After graduation Yonatan moved to Tel Aviv, where he was an active member in the singer-songwriter scene and performed with his band around the country. He also contributed regularly to poetic tribute events at Tzavta and Confederation House and collaborated as a composer and arranger with a various artists such as Aya Korem, Miri Mesika, Eric Berman and Daniel Solomon. In 2011, Yonatan released his debut album, Hamatos Shel Ha’atid with the Eighth Note label. The critically acclaimed album dealt with reflections from the second Lebanon war, the lives of work immigrants in Tel Aviv and stories from Jerusalem.

Since 2013, Yonatan has lived and worked in NYC. He works as a music teacher and acts as the musical director of the School for Creative Judaism. He performs regularly in Jewish and Israeli communities and is deeply engaged in his practice as a singer-songwriter. In the past 4 years, he has recorded Hebrew children songs albums and written music to performance art pieces and theatre productions. In 2017, Yonatan released Time’s Tyranny, an album of 9 compositions to Shakespeare sonnets in Hebrew translations.

WORK SAMPLES
https://yonatangutfeld.bandcamp.com/releases

LABA PROJECT
My LABA project consists of music composed for poems by the Israeli poet Ori Bernstein from the cycle Mishe’hu, his final book before he passed away in 2017. The poems describe a man in his last days, confined in his room and hallucinating about the life he had lived and his imminent death.

I am particularly drawn to the poems that connect life and death with images of immigration. Likely this is due to the circumstances of my life today as an immigrant as well as the lives of many others around me. In the poem below I read that New York, from the perspective of a new immigrant, and the nearing death are interchangeable. This connection between death and immigration expands my reading of these intimate poems to the Jewish condition and the human condition:

A man ends his life/ Between the decorations that he brought from his journeys/ Which his children will throw away upon his death/ Those and the memory of all his stories/ Of countries in the distance rising as the ship approaches from the depths of the sea/ As New York did when he came to it on a big ship with great hopes.

I plan on recording an album and producing a show based on 10 of the Bernstein poems. My vision is to collaborate with electronic musicians to reflect the hallucinations and jazz musicians to reflect the desire for life in the poems.
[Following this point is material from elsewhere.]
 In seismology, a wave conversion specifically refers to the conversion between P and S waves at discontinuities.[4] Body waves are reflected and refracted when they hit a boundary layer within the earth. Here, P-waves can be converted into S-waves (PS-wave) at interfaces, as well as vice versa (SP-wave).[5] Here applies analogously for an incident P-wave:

The performance will include English translations that will make it accessible to a wide audience and will serve as an additional layer of interpretation. I hope including visual artists and writers to work with me on the element of text presentation.

LABA is a unique fellowship. What drew you to apply?
As a singer-songwriter who works in NYC and deals with Hebrew text I was always interested in LABA.

I was drawn to apply this year when I learned that the Annual theme is Life and Death. I thought it would be a great environment to develop my recent project – music composed for poems by the Israeli poet Ori Bernstein from the cycle Mishe’hu, his final book before he passed away in 2017.

What is your favorite East Village spot?
I like the Williamsburg Bridge bike lane for the ease of rolling down after pedaling uphill.

What would you want your tombstone to say?
Thank you for this considerate question. Can I please have a few more years before I answer it?